Thankfully, there is another way, and it actually involves a strictly weaker form of the axiom of choice. The axiom of countable choice is the same as the axiom of choice, except that we require the set $I$ to be countable. There are models of set theory in which the axiom of choice fails but still holds whenever the index set is countable, so countable choice is strictly weaker than full choice.
Here's how we prove your statement using only countable choice. Let $S$ be an infinite set. Then, for each $n=0,1,2,\dots$, let $S_n$ be the set of subsets of $S$ of size $2^n$.

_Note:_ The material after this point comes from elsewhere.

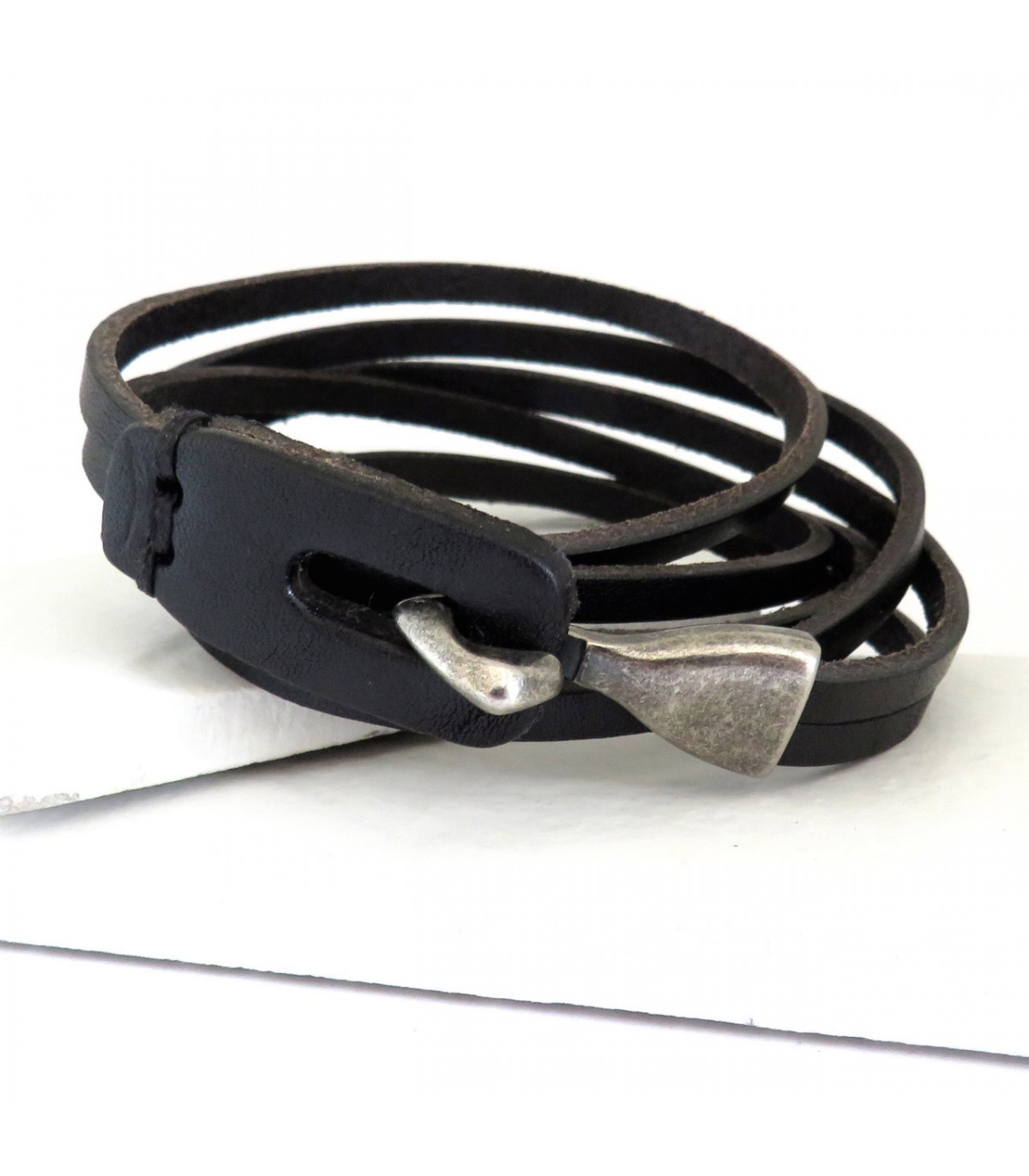 Men's black leather wrap bracelet comes with a rustic alloy clasp and is made from cowhide that is wrapped around the wrist giving it a cool trendy look. This design is suitable for an man or teenage boy and is ideal gift for an 18th, 21st or 40th birthday, Father's day, Valentines or even Christmas.
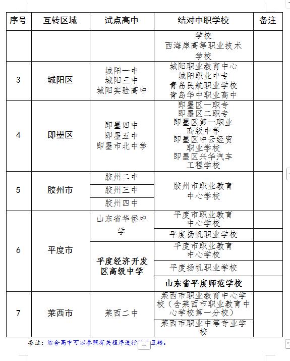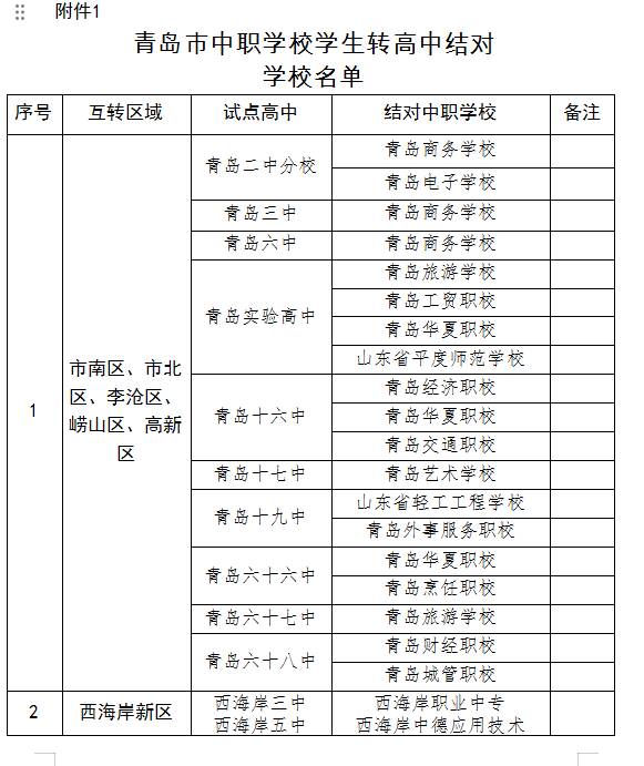 互转根据青岛市高中招生范围划分为7个区域,其中市南区、市北区、李沧区、崂山区、高新区作为一个区域,由青岛市教育局负责组织;西海岸新区、城阳区、即墨区、胶州市、平度市、莱西市6个区(市)各自为1个区域,由各区(市)教育行政部门负责组织。互转原则上在各自区域内进行。各区域结合实际,确定一定数量的高中和中职作为互转学校,可实行“一对一”“一对多”“多对多”结对,互转学校确定后原则上三年内保持不变,三年后可动态调整。

We can show that each $S_n$ is non-empty using your argument (note that the axiom of choice is not required for a finite collection of sets, since we can proceed by induction): inductively pick elements $a_1,\dots,a_{2^n}$ from $S$; since $S$ is infinite, this process will not terminate and since we are only choosing finitely many elements, there are no dodgy set-theory issues.
Now, there are countably many $S_n$, so the axiom of countable choice tells us that there is a sequence $A_0,A_1,A_2,\dots$ of subsets of $S$ such that $A_n$ has size $2^n$ for each $n$.
Now, for each $n$, let $B_n$ be the set of elements of $A_n$ that are not contained in $A_0\cup\dots\cup A_{n-1}$. Since $A_n$ has size $2^n$, and $A_0,\dots,A_{n-1}$ have at most $1+2+4+\dots+2^{n-1}=2^n-1$ distinct elements between them, $B_n$ must be non-empty. By the axiom of countable choice again, we can choose a sequence $s_0,s_1,\dots$ with each $s_n\in B_n$. In particular, the $s_n$ are distinct. We have found a countably infinite subset of $S$.